In today’s era of big data, scientific discovery process is largely dependent on integration, management and extraction of useful data from available literature (Borkum & Frey, 2014). Extracted information from text mining tasks in chemical literature domain mainly includes named entities. Mining the chemical named entities is aimed at extracting information on unique chemicals, identifying the extracted chemicals by indexing them to the databases and bibliographic sources, assign and verify relationships between chemical entities and biological process, diseases etc., (Eltyeb & Salim, 2014; Banville, 2006; Batchelor & Corbett, 2007).

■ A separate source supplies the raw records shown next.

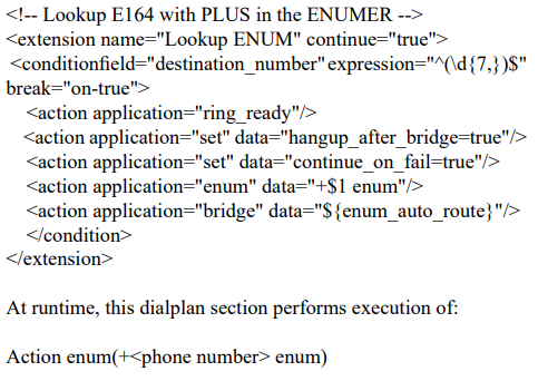 To conduct the test call, we integrated the ENUMER subsystem into the DNS server following the emerDNS integration guide [6]. Subsequently, FreeSWITCH executed the number resolution query using the standard dialplan commands as outlined below: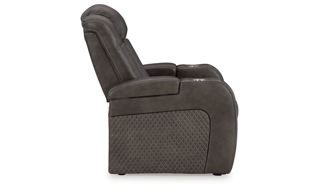 This power recliner goes beyond basic comfort. It upgrades the everyday, turning your living room into an entertainment hub. Don’t want to leave your seat? Keep essentials in reach with storage arms and cup holders. You can create an even cooler vibe for family movie nights and friendly gaming matches with LED lights. And your sleek style isn’t compromised—its diamond stitching and streamlined arms recall the aesthetics of luxury automobiles.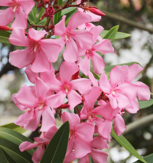 Single Pink (Nerium oleander 'Sealy Pink'), a Mediterranean evergreen shrub, grows 1.8-2.4 m with vigorous growth in well-drained sandy-loam, thrives in full sun with low to moderate moisture, is non-edible and toxic with no medicinal benefits, and produces early-blooming single pastel pink flowers with coral streaks in summer.,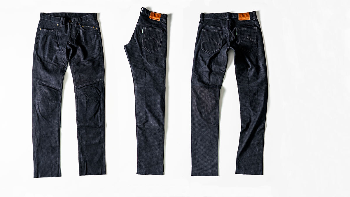 よりライディング向けに、そしてスマートなローライズシルエットが特徴のエクスプローラーライドジーンズのメッシュモデルです。尻部から膝部にかけて車両からの排熱を和らげる目的で本体裏側に当て革を取り付け、当て革と共に輻射熱を反射するアルミ蒸着素材を配しています。裏地にはCOOLMAX®素材を採用しています。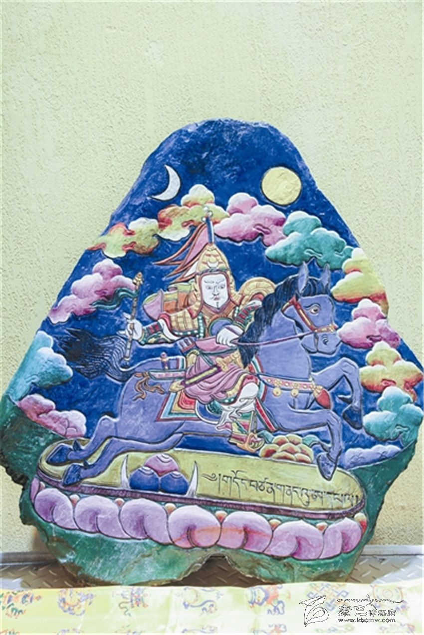 據(jù)了解,格薩爾彩繪石刻是藏族民間美術(shù)中的一門創(chuàng)新藝術(shù),它不僅是格薩爾文化的一種新的傳承方式,也填補(bǔ)了格薩爾文化在藏族石刻中的空白。格薩爾彩繪石刻刀法精細(xì),取材考究,在采用鑿刻、直刻、斜刻刀法的同時(shí),注重磨刻、磨劃技術(shù)效果,使石刻畫(huà)構(gòu)圖和諧。在石刻畫(huà)上采用了彩繪工藝,這樣既增加了畫(huà)面視覺(jué)的藝術(shù)感和光澤度,又可以起到保護(hù)作用。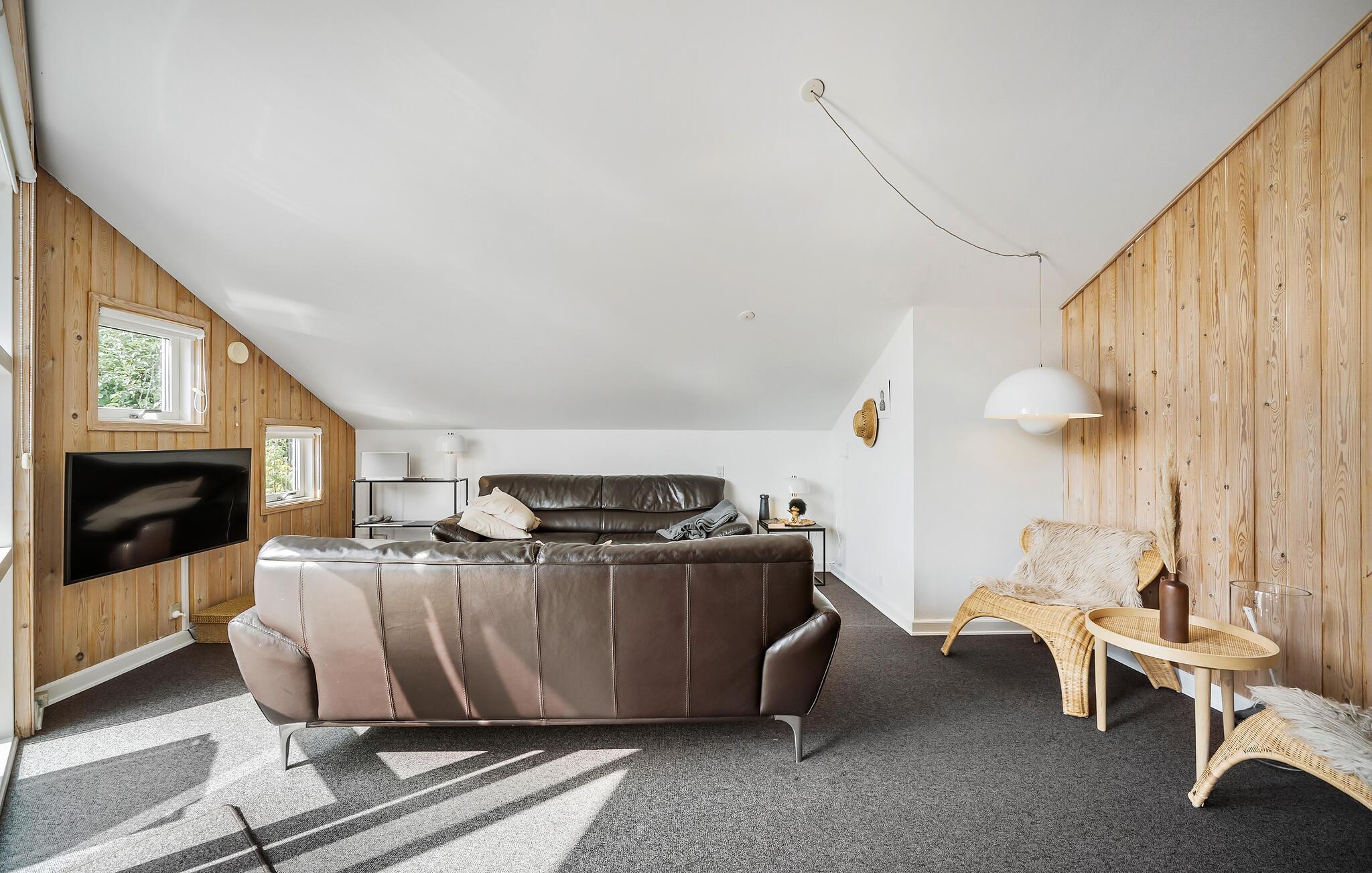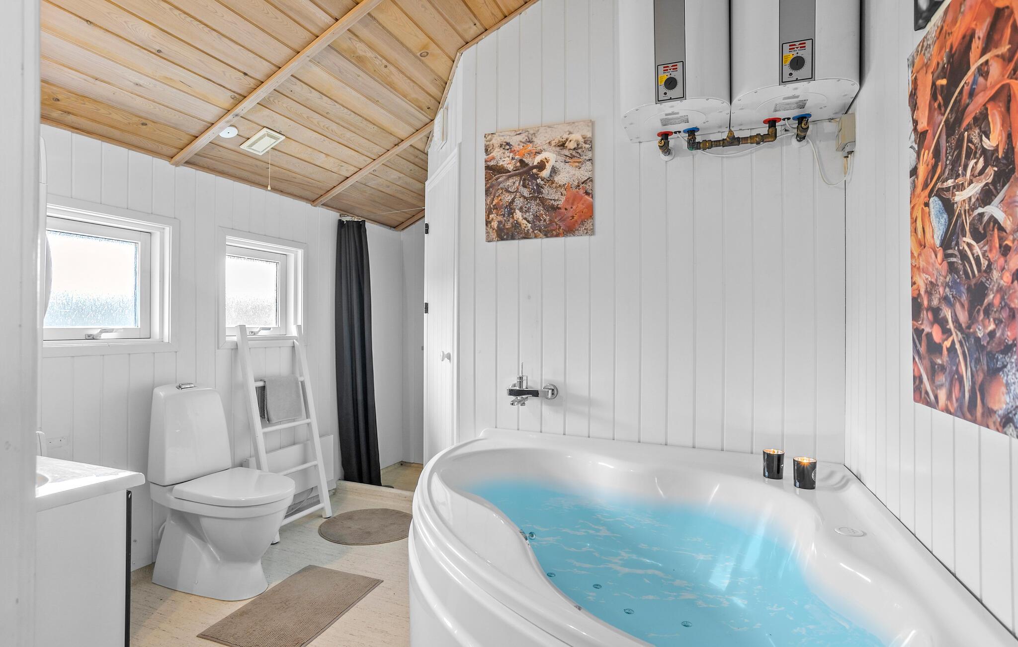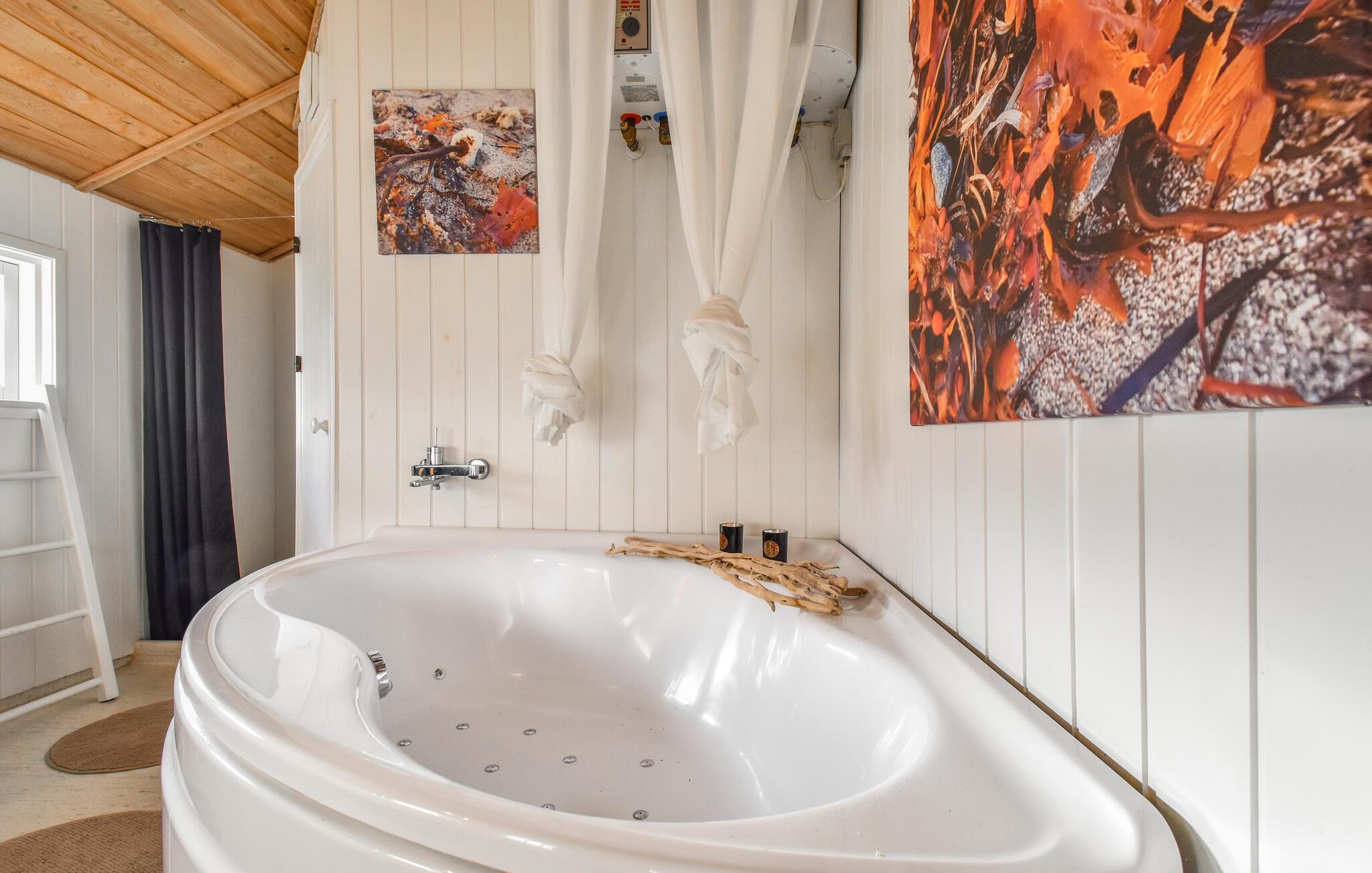 Rust, ontspanning en veel tijd met je familie wachten op je in dit aantrekkelijke vakantiehuis in Taarup Strand. Kom aan en verken de kamers van dit mooie huis, dat je vakantie zal veraangenamen. De mooie en gezellige sfeer creëert de ideale omstandigheden om samen te koken in de keuken of buiten te eten op het gedeeltelijk overdekte terras. Je kunt ook genieten van een ontspannende pauze in de sauna of het bubbelbad en daarna gaan liggen op de ligstoel in de tuin. Het grote gazon nodigt je uit om buiten te spelen met je kinderen en veel vakantieherinneringen te creëren.

Machine Learning (ML) which is the automation of processes attributed to human intelligence, in particular - learning, to make decisions and to solve problems based on learning outcomes (Russell et al., 1995; Bottou, 2014), provides tailor made solutions for the task of named entity recognitions. Of late, Conditional Random Fields (CRFs), a class of probabilistic ML methods have contributed to major success in Chemical Named Entity Recognition (CNER) (Klinger et al., 2008). Ambiguity in representations of chemical entities is perhaps the most prevalent limitations concerned with text mining applications to chemical literature amongst others like limited open text corpora and growing number of chemicals (Townsend et al., 2005; Gurulingappa et al., 2013). Figure 1 clearly demonstrates the necessity and importance of named entity recognition as a first step to enable knowledge discovery process in chemical scientific literature.

Figure 1.

Different representations of the chemical named entity ‘ethanol’

IJSSCI.2016010101.f01

In spite of humongous work done on application of various approaches for chemical named entity recognition, most of the efforts have concentrated on identifying chemical names at generic level (e.g. chemical against non-chemical) or morphological level (e.g. trivial name, IUPAC, abbreviation, formula or chemical class). To the best of author’s knowledge, there is no effort on identifying chemical names at chemistry level such as organic, inorganic, organometallic, drug, macromolecule and so-forth. Primary reason is because generating annotated corpora is an extremely labor intensive task and similarly annotating corpora with multi-level information including chemistry information requires additional efforts from domain experts.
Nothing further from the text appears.